1. init a 2-d matrix, place the characters in the array, and collect them again. time cost: O(n) and space cost: O(n);
2. direct calculation , we find a f(x) which takes in old index and return a new index.

# Solution 1: using a Matrix

``````var convert = function(s, numRows) {
var length = s.length;
if (length <= numRows || numRows === 1){
return s;
}

var rows = numRows;
var cols = 0;
// we take rows-2 lins as a block
var blockNum = Math.floor(length / (rows * 2 - 2));
var restNum = length % (rows * 2 - 2);
cols = blockNum * (rows - 1) +  (restNum > rows ? (1 + restNum - rows) : 1);

var map = [];
// init the matrix
for(var i = 0; i < rows; i++){
map.push([]);
}

// we use a direction flag, Dx & Dy to show which phase we are in
// {0, 1}: moving down
// {1, -1}: moving upright
var x = 0, y = -1, Dx = 0, Dy = 1;
for(var i = 0; i < length; i++){
x += Dx;
y += Dy;
map[y][x] = s[i];

if (y >= rows - 1){
Dy = -1;
Dx = 1;
}

if (y <= 0){
Dy = 1;
Dx = 0;
}
}

var result = [];
for (var i = 0; i < rows; i++){
for(var j = 0; j < cols; j++){
if (map[i][j]){
result.push(map[i][j]);
}
}
}
return result.join('');
};``````

while this seems right, but it cost too much time - Time Limit Exceeded.

The result map is actually sparse, we can compress it better. for example:

``````1  7
2 68
35 9
4  0``````

can be compressed to:

``````1 7
268
359
4 0``````

which leads to following solution:

# Solution 2: improved condensed matrix

``````var convert = function(s, numRows) {
var length = s.length;
if (length <= numRows || numRows === 1){
return s;
}

var rows = numRows;
var cols = 0;
// we take rows-2 lins as a block
var blockNum = Math.floor(length / (rows * 2 - 2));
var restNum = length % (rows * 2 - 2);
cols = blockNum * 2 +  (restNum > rows ? 2 : 1);
var map = [];
// init the matrix
for(var i = 0; i < rows; i++){
map.push([]);
}

// we use a direction flag, Dx & Dy to show which phase we are in
// {0, 1}: moving down
// {1, -1}: moving upright
var x = 0, y = -1, Dy = 1;
for(var i = 0; i < length; i++){
y += Dy;
map[y][x] = s[i];
if (y >= rows - 1){
Dy = -1;
x += 1;
}

if (y === 1 && Dy === -1){
x += 1;
}

if (y <= 0){
Dy = 1;
}

}
var result = [];
for (var i = 0; i < rows; i++){
for(var j = 0; j < cols; j++){
if (map[i][j]){
result.push(map[i][j]);
}
}
}
return result.join('');
};``````

which is now accepted by leetcode, 215ms which is very slow ranking last 20% of all accepted solutions.
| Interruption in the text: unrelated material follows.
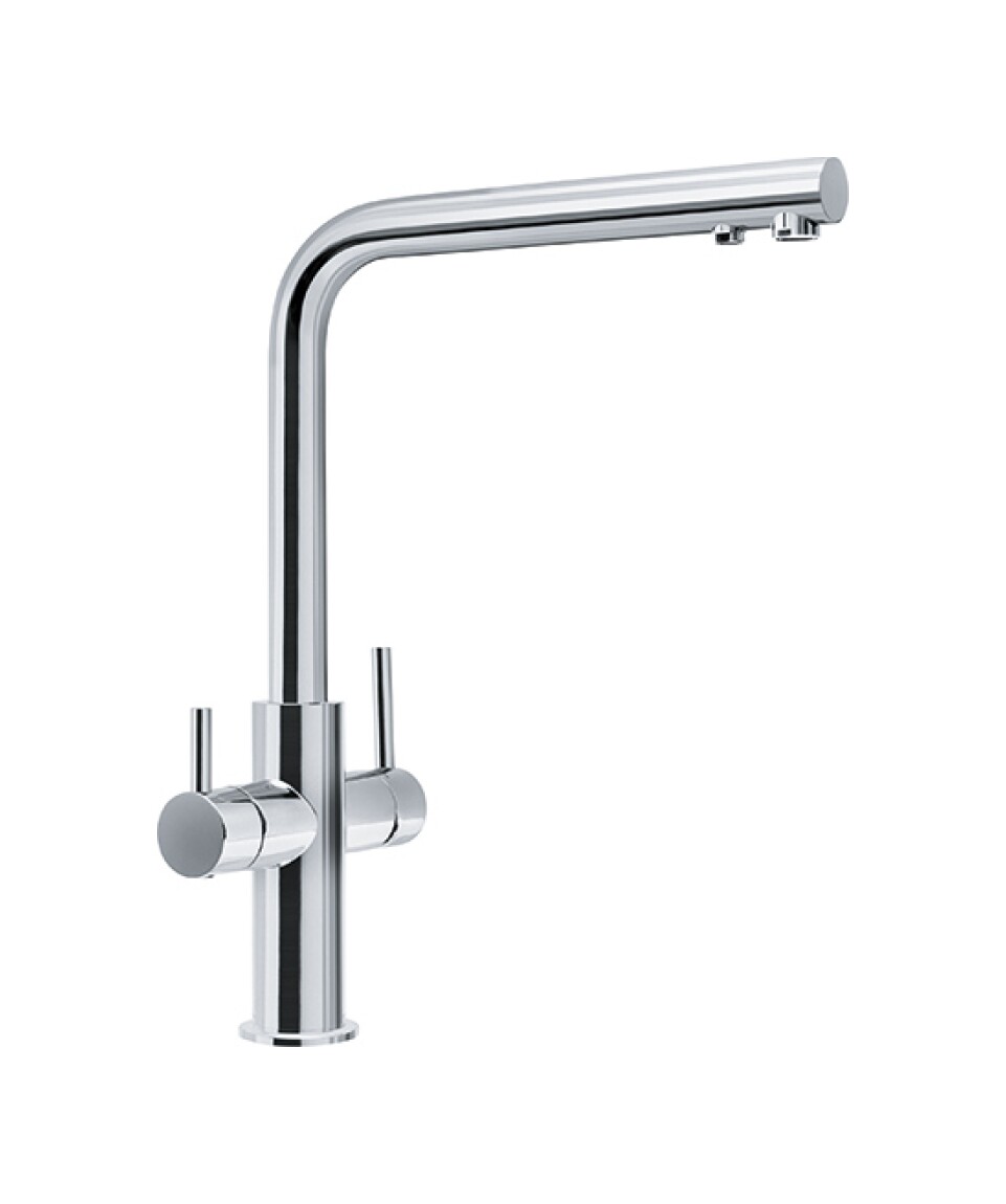 La serie di miscelatori Franke a tripla via offre due comandi destinati all’erogazione di acqua calda e fredda e un terzo per l’acqua filtrata ad uso alimentare. Questa caratteristica offre flessibilità nell’utilizzo dell’acqua in cucina.

There must be better solution.

from above solution, we can omit the process of lining up and collecting, we just do the direct calculation:

# solution 3: direction calculation

Look more at our map: for rows of 3:

``````1 5 9
24680
3 7``````

for rows of 4:

``````1 7
268
359
4 0``````

we can see that rows are actually following indices:

``````0, (rows - 1) * 2, (rows - 1) * 4 ...
1, (rows - 1) * 2 - 1, (rows - 1) * 2 + 1, (rows - 1) * 4 - 1, (rows - 1) * 4 + 1 ...
2, (rows - 1) * 2 - 2, (rows - 1) * 2 + 2, (rows - 1) * 4 - 2, (rows - 1) * 4 + 2 ...
rows - 1, (rows - 1) * 2 + rows - 1,  (rows - 1) * 4 + rows - 1 ...``````

This leads us to following algorithm:

``````var convert = function(s, numRows) {
var length = s.length;

if (length <= numRows || numRows === 1){
return s;
}

var result = [];
var j = 0;
var step = numRows - 1;

for (var i = 0; i < numRows; i++){
if(i === 0 || i === numRows - 1){
j = i;
while(j < length){
result.push(s[j]);
j += step * 2;
}
} else {
result.push(s[i]);
j = step * 2;
while(j - i < length){
if(j - i < length && j - i > i){
result.push(s[j - i]);
}

if (j + i < length){
result.push(s[j + i]);
}
j += step * 2;
}
}
}
return result.join('');
};
``````

OK, this time it went to top 25% of accepted solutions with 145ms.